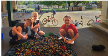
Lego is always a favourite amongst the children and encourages them to share ideas as well as lego pieces.
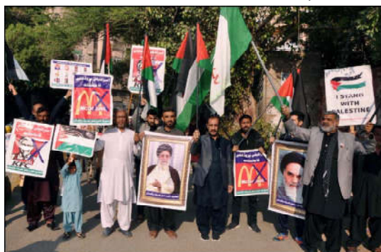
HYDERABAD: Members of Asgharia Ilim-o-Amal Tehreek Pakistan are holding protest demonstration against Israeli aggression and atrocities on the Gaza Strip and solidarity with the Palestinians, at Hyderabad press club.

The official of the Home and Tribals Affairs said that 265,256 people have been sent to Afghanistan from the three borders of Peshawar, Khyber Pakhtunkhwa and according to the latest survey by Deputy Commissioners, Peshawar.
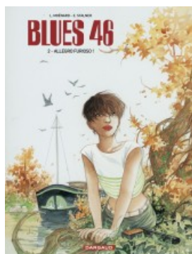
Allegro Furioso !
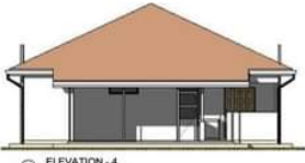
13 ELEVATION - 4 1:75
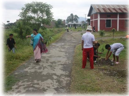
N.G. COLLEGE NSS UNIT
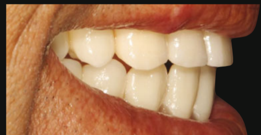
Fig. 7 - Ceramic try-in profile photo

CONCLUSION: The total rehabilitation on implants shown to be effective in surgical, prosthetic and biomechanical terms, bringing comfort, aesthetics and function to the patient.
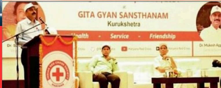
IRCS Haryana State Branch organised State Level Junior Red Cross training camp for boys from 30th August to 4th September, 2024 at Kurukshetra. 220 participants from 21 districts of Haryana participated in this camp.

THE GREATNESS OF HUMANITY IS NOT IN BEING HUMAN, BUT IN BEING HUMANE
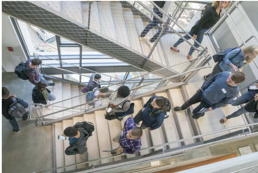
Students descending stairs in Chou Hall get exercise and a view of the trees.
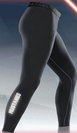
#24 LADIES' PERFORMANCE LEGGINGS BLACK • S - 2XL • WITH REFLECTIVE DESIGN $29
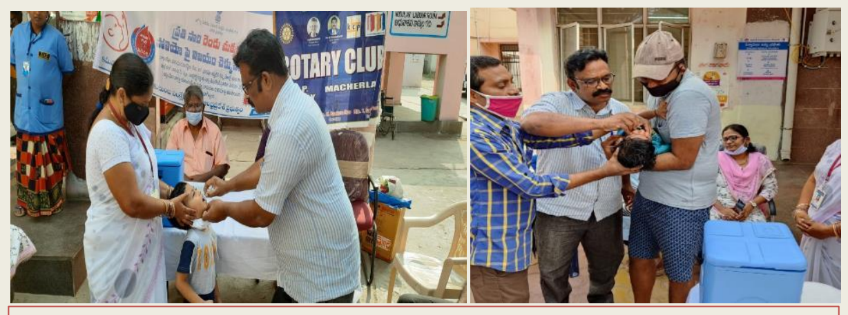
KCP Welfare officer active participation in Polio Vaccination program

In coordination with Rotary club of Macherla, our RCWC coordinator and OHC staff participated in polio immunization program on 31<sup>st</sup> January 2021 in rural villages of Macherla, Veldurthi and Durgi mandals along with Macherla town. Also supported in arranging vechicle to tarnsport the Vaccine to Rural villages.
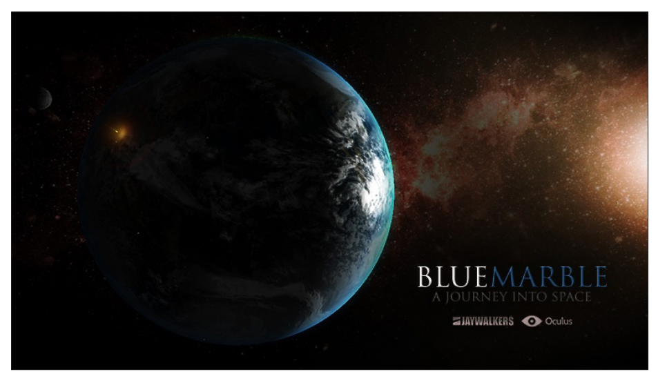
Image 3 – Screenshot from Blue Marble (2013); Artist: Jaywalkers Interactive.
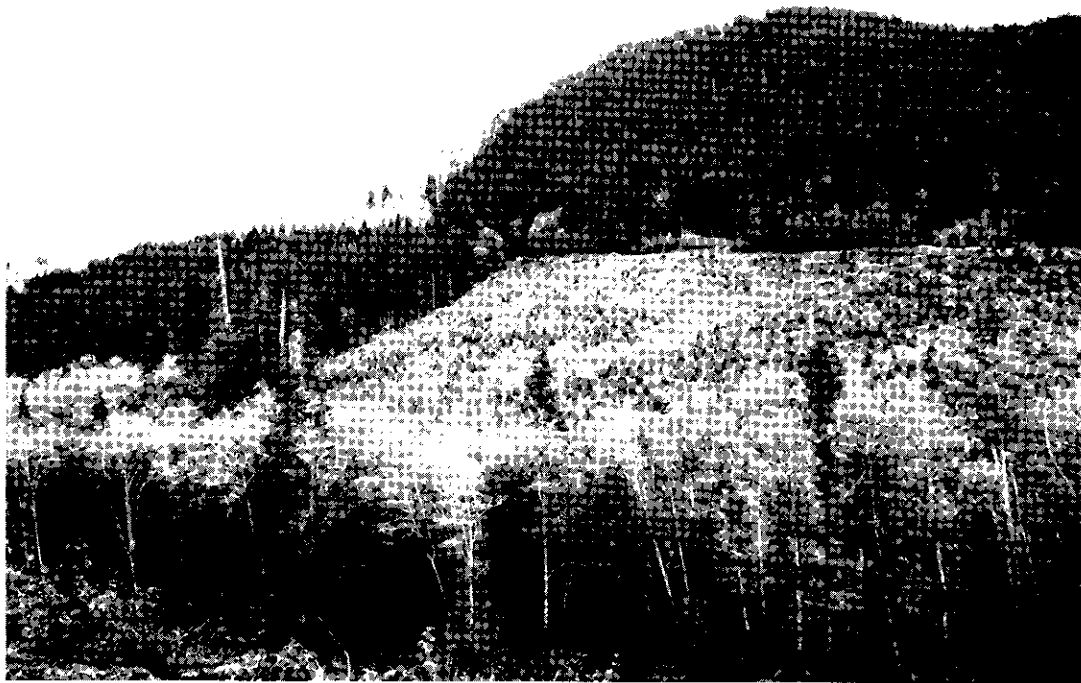
Figure 2. Hillsides near the site of the survey in Clallam County showing typical closed forest and clearcut areas. A transect through the center of this photo from top to bottom reveals the "all or none" nature of exotic species aggregations in the local herbaceous flora. In contrast, the woody plants belong almost exclusively to native species. For details, see text.

they persisted on unused roads and former clearings that had been fully overshadowed by young conifers.
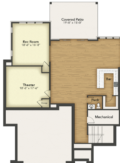
OPTIONAL BASEMENT LEVEL
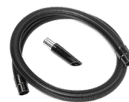
P12378 STARTER KIT ANTISTATICO Ø 50MM Kit base di accessori antistatici per applicazione con aspiratore ATEX in diametro 50 mm
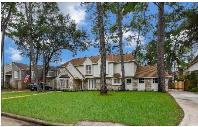
Mahogany Forest Drive
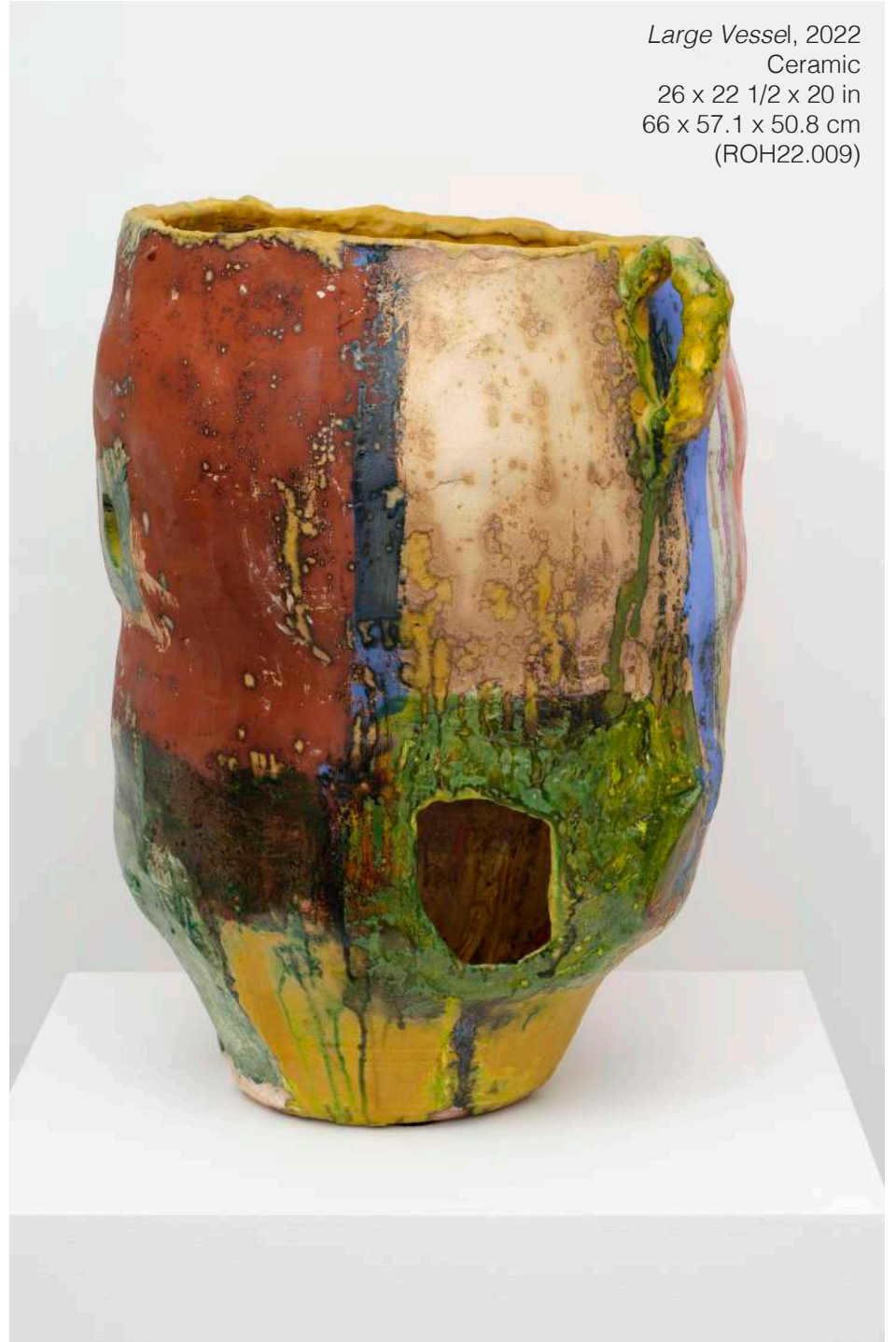
Large Vessel, 2022 Ceramic 26 x 22 1/2 x 20 in 66 x 57.1 x 50.8 cm (ROH22.009)

What is expected:
Could the stretch from the line with "Fig. 7 - Ceramic try-in profile photo" through the line with "Image 3 – Screenshot" in the listing above be restated word for word, minus the pictures?

Output of the task:
Fig. 7 - Ceramic try-in profile photo

CONCLUSION: The total rehabilitation on implants shown to be effective in surgical, prosthetic and biomechanical terms, bringing comfort, aesthetics and function to the patient.
IRCS Haryana State Branch organised State Level Junior Red Cross training camp for boys from 30th August to 4th September, 2024 at Kurukshetra. 220 participants from 21 districts of Haryana participated in this camp.

THE GREATNESS OF HUMANITY IS NOT IN BEING HUMAN, BUT IN BEING HUMANE
Students descending stairs in Chou Hall get exercise and a view of the trees.
#24 LADIES' PERFORMANCE LEGGINGS BLACK • S - 2XL • WITH REFLECTIVE DESIGN $29
KCP Welfare officer active participation in Polio Vaccination program

In coordination with Rotary club of Macherla, our RCWC coordinator and OHC staff participated in polio immunization program on 31<sup>st</sup> January 2021 in rural villages of Macherla, Veldurthi and Durgi mandals along with Macherla town. Also supported in arranging vechicle to tarnsport the Vaccine to Rural villages.
Image 3 – Screenshot from Blue Marble (2013); Artist: Jaywalkers Interactive.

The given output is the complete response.